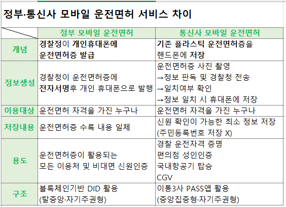 3. 정부공인 vs 통신사 모바일 운전면허 비교
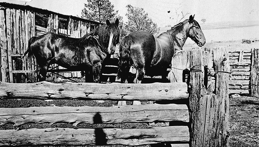 Two draught horses inside a railed yard, farm buildings in background.
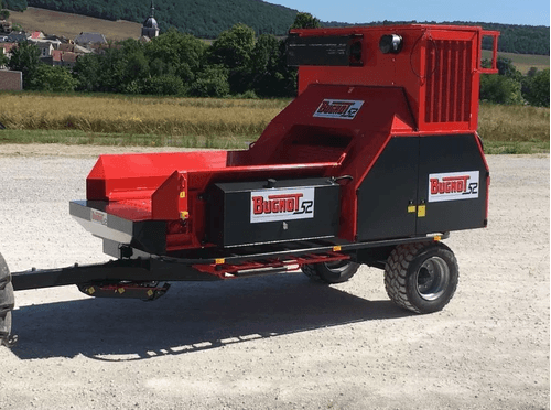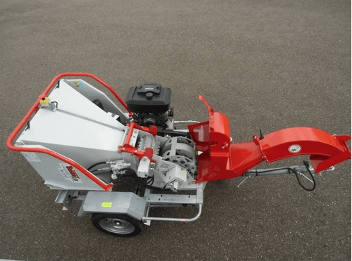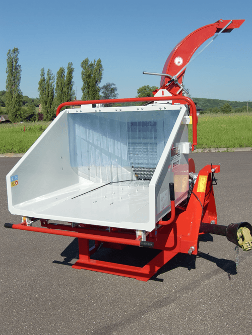 Moteur thermique essence ou diesel, prise de force, remorque routière. Accès très facile au rotor, au rouleau ameneur et à la contre lame par simple basculement de l’éjection. Choix d’options possible selon les besoins.
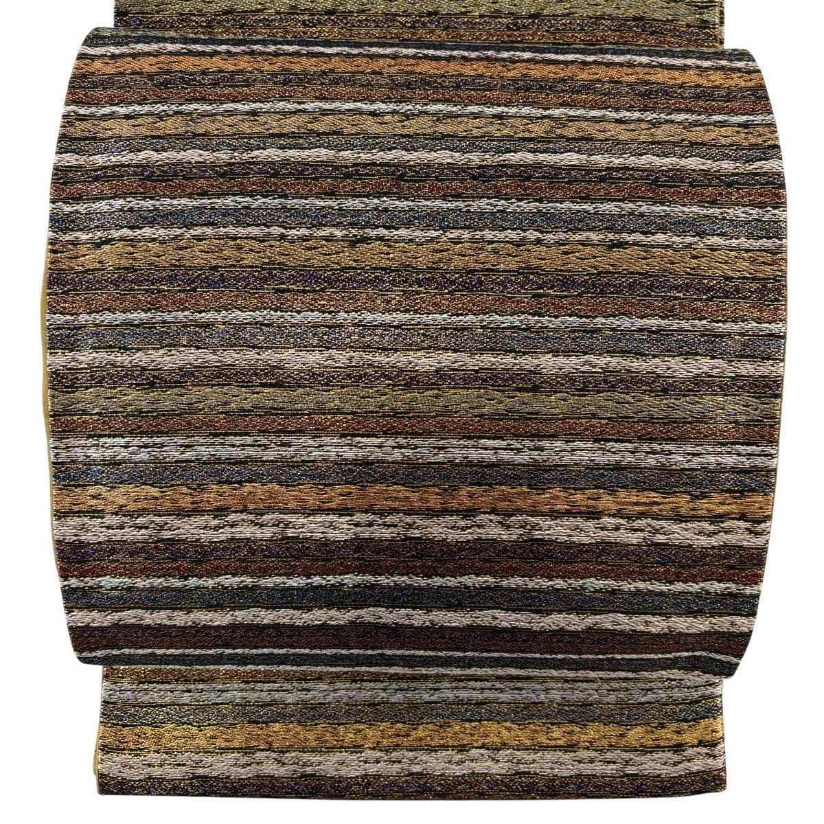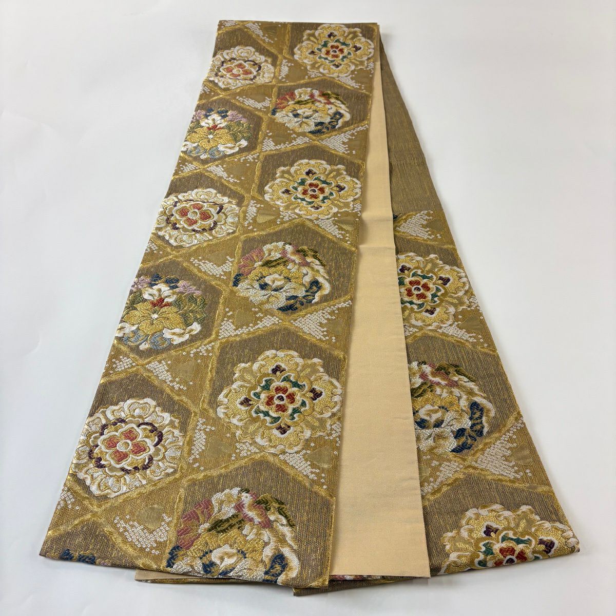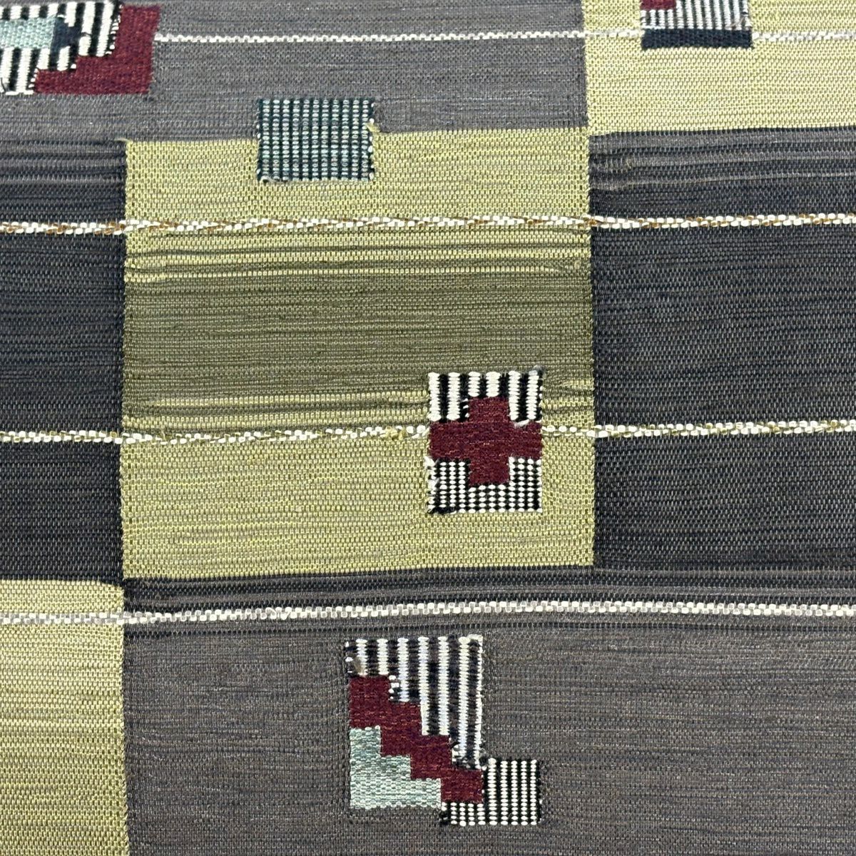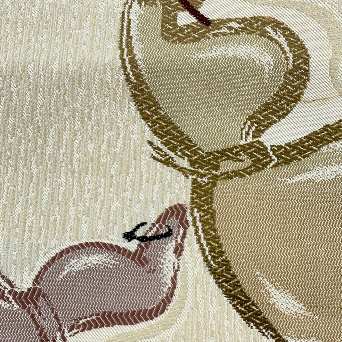 袋帯 秀品 幾何学模様 箔 薄茶色 六通 正絹
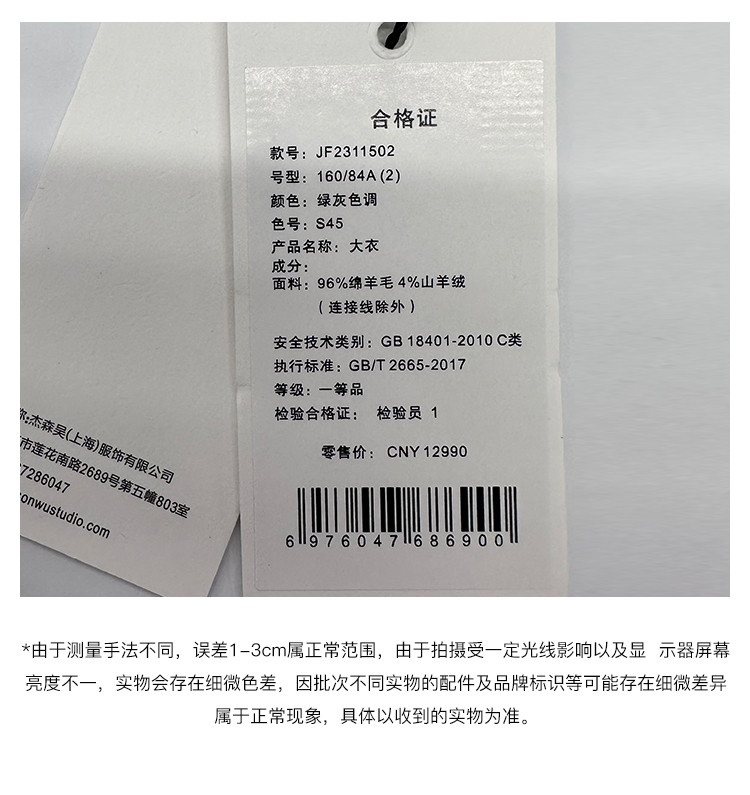 【JASON WU】秋冬新款通勤保暖羊毛混纺双面呢上衣长外套双面大衣女
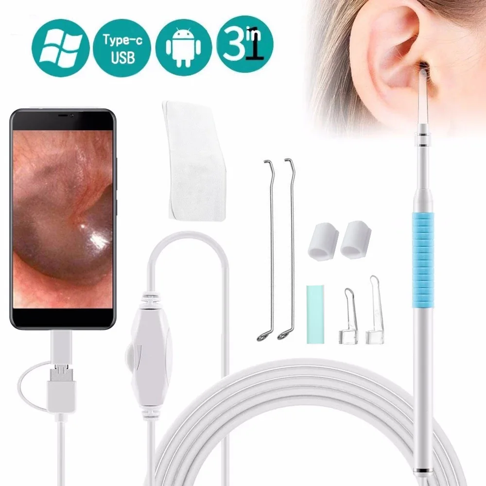 Ear Endoscope 3 in 1 Ear Cleaning Tool HD Visual Ear Spoon Multifunctional Earpick 5.5mm Mini Camera Android PC Ear Otoscope
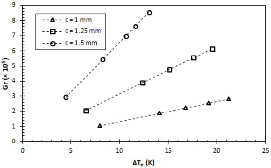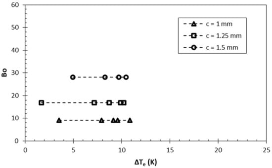 By considering the order of magnitude from these results (Bo > 1), it is indicated that the system is relatively unaffected by the surface tension, but rather influenced by buoyancy force. As the gap rose (hence the hydraulic diameter), the buoyancy force increased by the quadratic order as expressed by the numerator of Equation (9). This increase enhanced the bubble dynamics on the adjacent surface, allowing the heat transfer coefficient to rise.
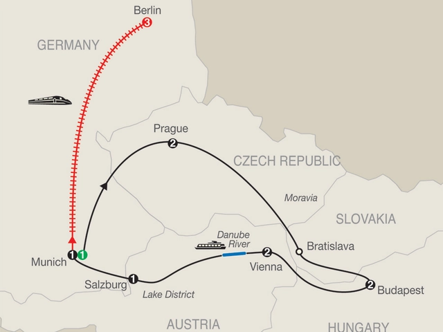 MUNICH Welcome dinner; orientation including Marienplatz; farewell dinnerPRAGUE Guided sightseeing, Astronomical Clock, visit the Hradcany Castle groundsBRATISLAVA [LF] Visit the capital of Slovakia and enjoy a special lunch at a local restaurantBUDAPEST Guided sightseeing, a panoramic view from Fishermen’s Bastion, visit Matthias Coronation ChurchVIENNA Guided sightseeing, visit St. Stephen’s CathedralDANUBE CRUISE [LF] (Departures April 12-October 4) Enjoy Kaffee und Kuchen (coffee and cake) on boardSALZBURG Guided sightseeing, visit Mirabell Gardens and St. Peter’s Churchyard; [LF] taste the traditional Mozartkugel and Doppler Konfekt; a special dinner with wine at a local restaurantMUNICH-BERLIN By high-speed TrainBERLIN Guided sightseeing of historic landmarks. Take pictures of Holocaust Memorial & Brandenburg GateHeadsets throughout the tour

**WORK ITEM**
Write out the records once more, exactly as they stand, with no images.

**EXERCISE RESPONSE**
 3. 정부공인 vs 통신사 모바일 운전면허 비교
 Two draught horses inside a railed yard, farm buildings in background.
 Moteur thermique essence ou diesel, prise de force, remorque routière. Accès très facile au rotor, au rouleau ameneur et à la contre lame par simple basculement de l’éjection. Choix d’options possible selon les besoins.
 袋帯 秀品 幾何学模様 箔 薄茶色 六通 正絹
 【JASON WU】秋冬新款通勤保暖羊毛混纺双面呢上衣长外套双面大衣女
 Ear Endoscope 3 in 1 Ear Cleaning Tool HD Visual Ear Spoon Multifunctional Earpick 5.5mm Mini Camera Android PC Ear Otoscope
 By considering the order of magnitude from these results (Bo > 1), it is indicated that the system is relatively unaffected by the surface tension, but rather influenced by buoyancy force. As the gap rose (hence the hydraulic diameter), the buoyancy force increased by the quadratic order as expressed by the numerator of Equation (9). This increase enhanced the bubble dynamics on the adjacent surface, allowing the heat transfer coefficient to rise.
 MUNICH Welcome dinner; orientation including Marienplatz; farewell dinnerPRAGUE Guided sightseeing, Astronomical Clock, visit the Hradcany Castle groundsBRATISLAVA [LF] Visit the capital of Slovakia and enjoy a special lunch at a local restaurantBUDAPEST Guided sightseeing, a panoramic view from Fishermen’s Bastion, visit Matthias Coronation ChurchVIENNA Guided sightseeing, visit St. Stephen’s CathedralDANUBE CRUISE [LF] (Departures April 12-October 4) Enjoy Kaffee und Kuchen (coffee and cake) on boardSALZBURG Guided sightseeing, visit Mirabell Gardens and St. Peter’s Churchyard; [LF] taste the traditional Mozartkugel and Doppler Konfekt; a special dinner with wine at a local restaurantMUNICH-BERLIN By high-speed TrainBERLIN Guided sightseeing of historic landmarks. Take pictures of Holocaust Memorial & Brandenburg GateHeadsets throughout the tour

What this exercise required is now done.